*Exercise objective:*
Your copy should begin with the line containing "- mit Ablaufloch Ø 9 cm mittig platziert", end with the line containing "彼「割り勘でいいよね?」→デ", match the listing below exactly, and contain no pictures.

*Data supplied:*
....................

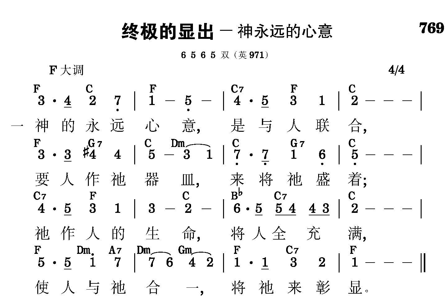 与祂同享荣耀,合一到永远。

....................

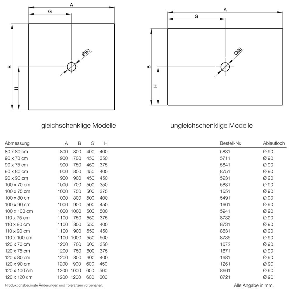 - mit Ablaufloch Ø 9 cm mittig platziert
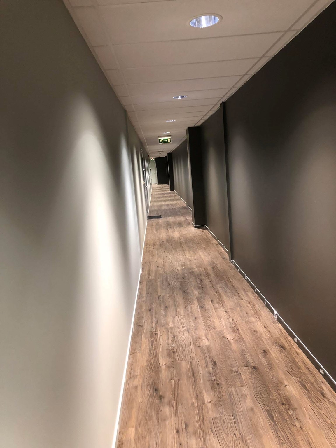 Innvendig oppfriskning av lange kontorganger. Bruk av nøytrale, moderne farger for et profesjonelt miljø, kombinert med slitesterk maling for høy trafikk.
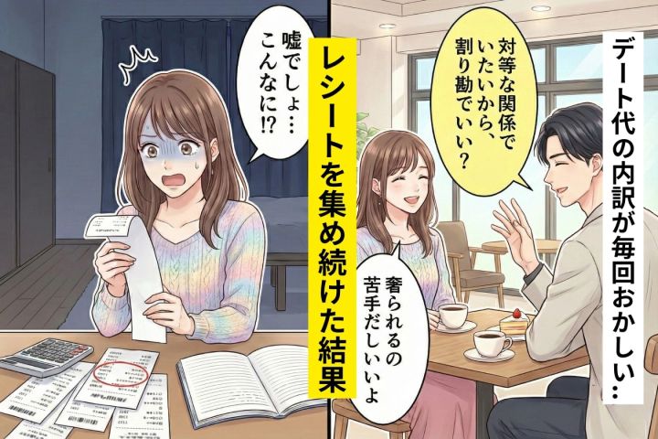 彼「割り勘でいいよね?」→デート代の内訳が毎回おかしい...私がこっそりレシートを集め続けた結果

....................

*Task solution:*
 - mit Ablaufloch Ø 9 cm mittig platziert
 Innvendig oppfriskning av lange kontorganger. Bruk av nøytrale, moderne farger for et profesjonelt miljø, kombinert med slitesterk maling for høy trafikk.
 彼「割り勘でいいよね?」→デート代の内訳が毎回おかしい...私がこっそりレシートを集め続けた結果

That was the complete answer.